褚青鲵轻咬薄唇,自是不知哒赞铎其意欲为何。倒是哒赞铎不以为意接着笑言开口:“若是陛下不愿割爱也无妨,大幸传承中原正统,文化底蕴深不可测。臣使入了麟淄也才算是大开眼界。戏曲一道臣使有所耳闻,我西岐也有不少曲目,但只方才那伶人开腔,便可谓是西岐再无戏。这才是心生夺爱之意,还望陛下勿怪。”
今日的幽兰坊没有蠢人,即便有,也轮不到他哒赞铎。试问若他只是空有武艺的阳灵,如何会被西岐国君派遣作为使臣出使大幸?
褚青鲵闻言早已心中了然,只是养气功夫极好,旬静和周献宸皆是如此。
无论对方是打着什么目的,总归是帮了梨园。
周瞻源颔首道:“也无不可,我大幸与西岐自古交好通商。
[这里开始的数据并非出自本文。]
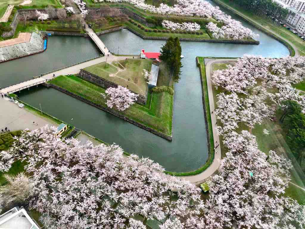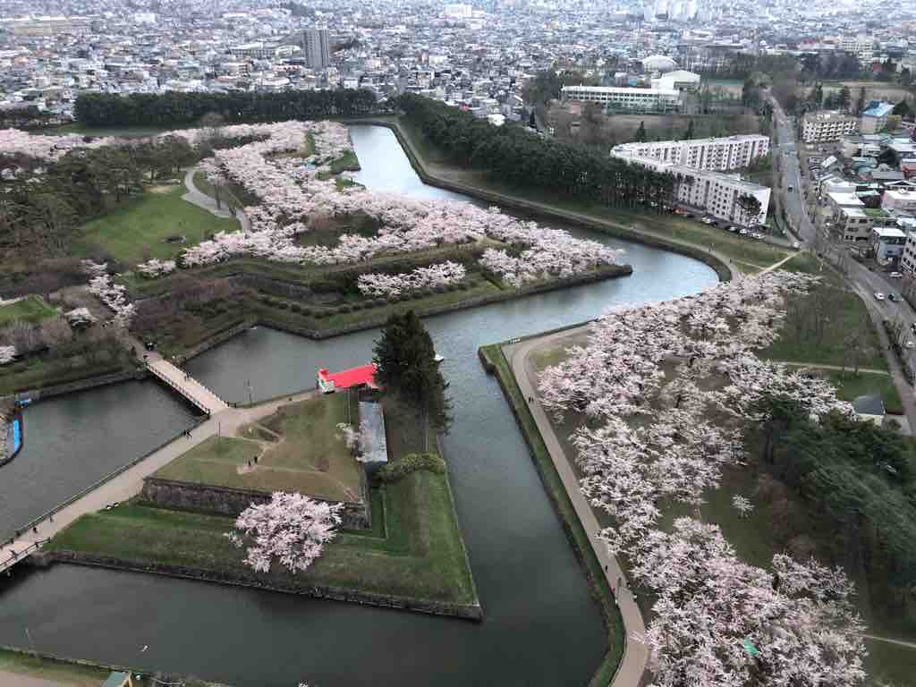 (写真は昨年5月に北海道函館市の五稜郭タワーから撮影した五稜郭の桜の様子です)

便是戏曲一事,阳灵若是喜欢便让那伶人前往贵国走上一遭也无妨。”
言罢再是转头朝向褚青鲵:“青鲵,把那伶人带下来把,朕也想见见能将凰女唱的如此深情的究竟是何种模样。”
褚青鲵闻言才是松了一口气,心中的石头终是落地,只口呼拜谢陛下,这才起身离去。
歌舞照旧,言谈照旧,万般皆是那般岁月静好,为人处世深居庙堂,除了伴君如伴虎,更要明白难得糊涂。
周献宸看着气氛被那西岐来使一番插入,也是略微和缓下来,便是出言道:“父皇,何不揭开这纱罩,也好让儿臣看看西岐献上的第一道礼是何般模样,称的上鸾凤和鸣四字?”
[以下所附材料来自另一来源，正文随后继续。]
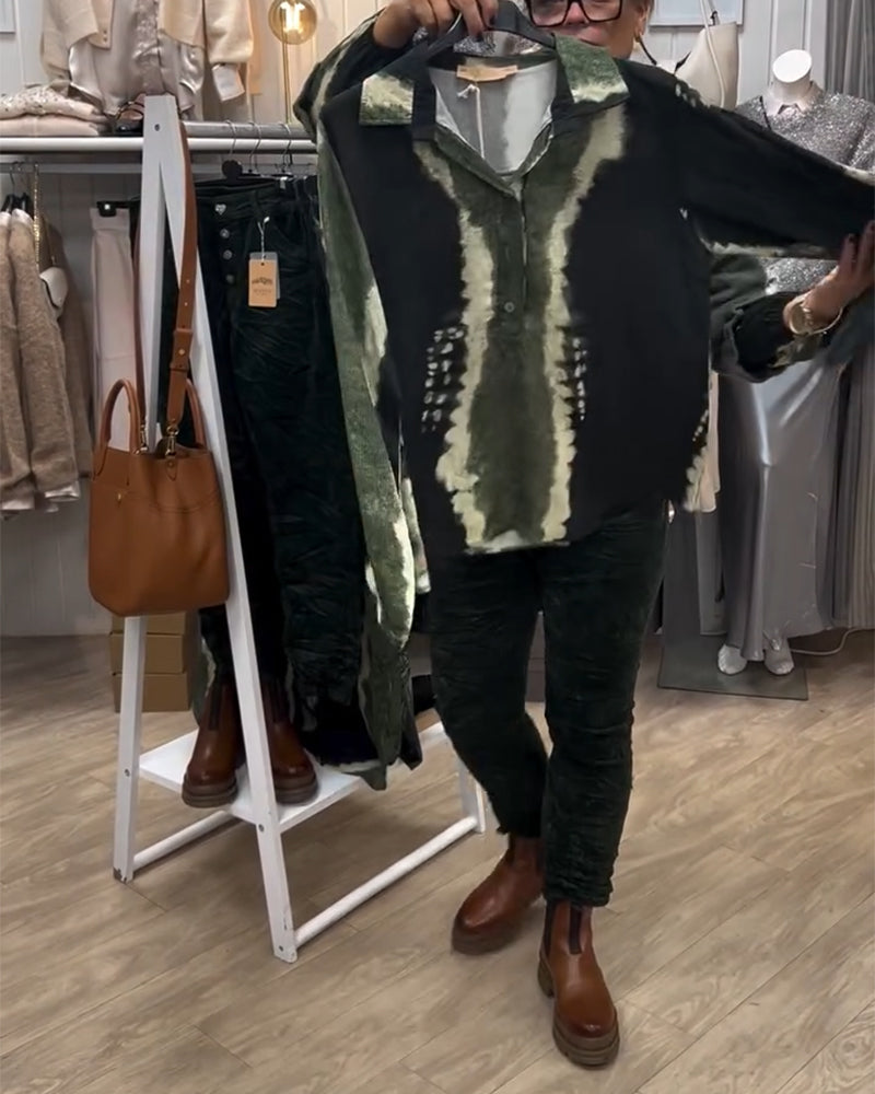 Bedrucktes Langarmshirt mit V-Ausschnitt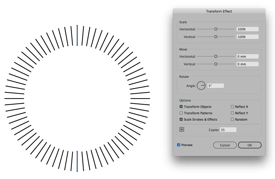 Now I KNOW that it repeats the last transform, so if you moved it immediately prior to doing the initial copy with CMD+OPT+T, then it will 'bake' that translation in. But I've closed Photoshop, re-opened it, had my 'tick' mark line vertical at zero degrees around my circle, then used CMD+OPT+T to duplicate it, then drag the anchor back down to the centre of the screen (setting it at exactly 1024.0 by 1024.0 = my image is 2048 by 2048) and then typing in the rotation angle I want, and then clicking the Tick to confirm the transform. And the press CMD+OPT+SHIFT+T without EVER changing the transform in-between, and it STILL spirals away from the centre!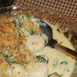 Mouthwatering scallops and spinach, topped off with a rich Parmesan cheese sauce, baked until bubbly and delicious!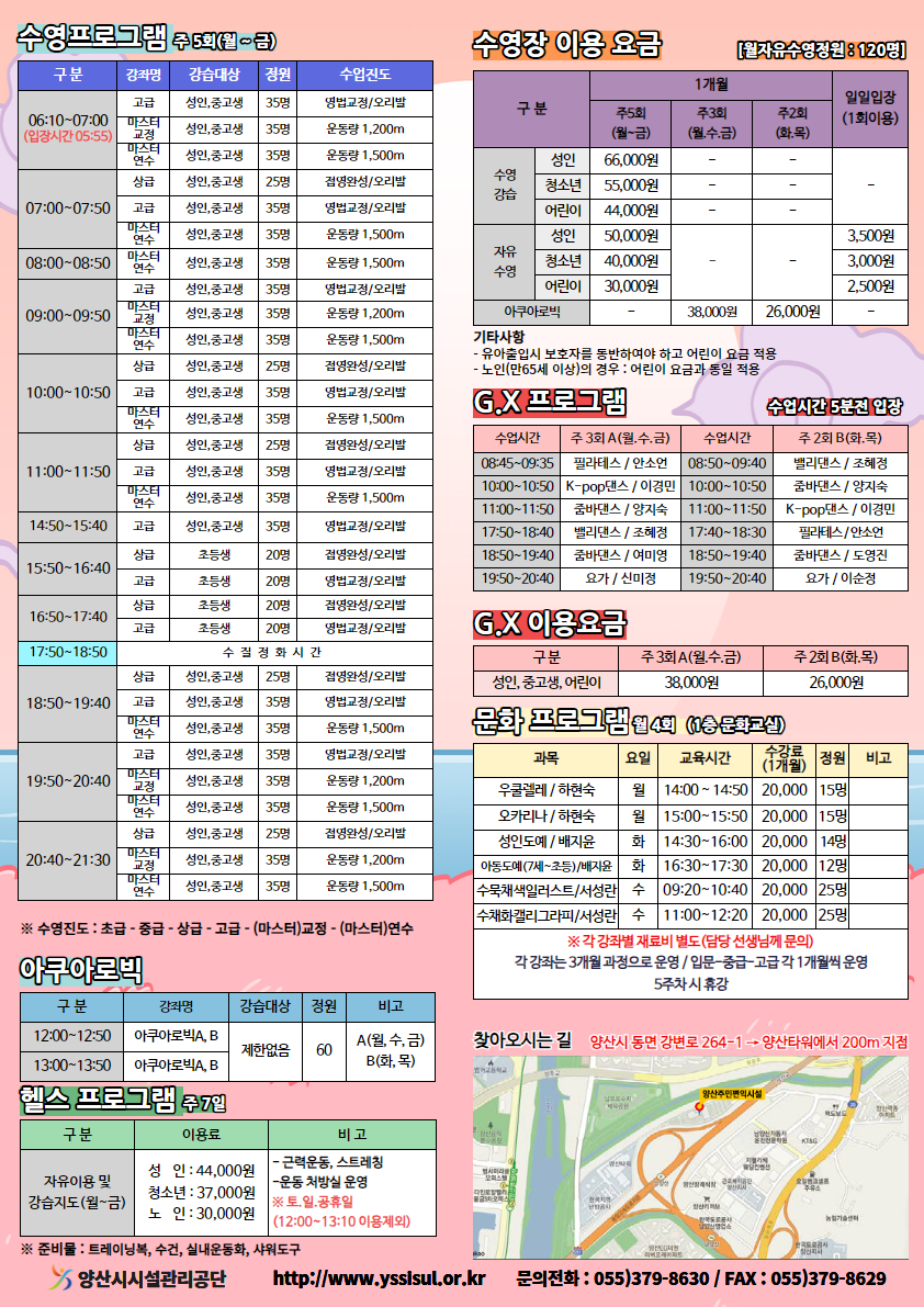 · 각 이용요금은 양산시 거주자에 한하고, 양산시에 주민등록을 두지 않은 이용자에 대해서는 이용료의 20%를 가산합니다.

见着周献宸开口,一旁的皇七子周献骁也是附和:“皇兄说的极是啊,父皇,也让咱们开开眼呗?”
所谓王婆卖瓜,自卖自夸,作为献礼之人的哒赞铎看着二位皇子一唱一喝自然也是出言:“想必不会让两位皇子殿下失望的。”
周瞻源闻言也是点了点头,却是通判西走到周瞻源身前以自己的身体将其半掩罩住,这才伸手去揭那纱罩。在场众人无不将目光凝于那一道盛盘之上,究竟是何物敢称得上是鸾凤和鸣?
何物?哒赞铎心中偷笑。
不过一块豆腐罢了。
只是这块豆腐,样式有些不同。
若是苏佑陵的豆腐雕早是成名,也不至于在那等偏僻深巷摆摊,门庭也是无比冷清。所以他能断言皇帝自是没有见过雕的如此惟妙惟肖的豆腐,更多还是庆幸自己运气极好。
纱罩轻揭,众人聚目而视。
只见一鸾一凤顾首盘桓,线形流畅润美,色彩斑斓流溢。其中有亭榭楼阁数座,灌木葳蕤几丛,一方小小的矩阵,却是琳琅满目,处处玄机,诸多细节镂刻的更是面面俱到,巧夺天工。
诸目愕然。
幽兰坊,似能闻鸾凤和鸣……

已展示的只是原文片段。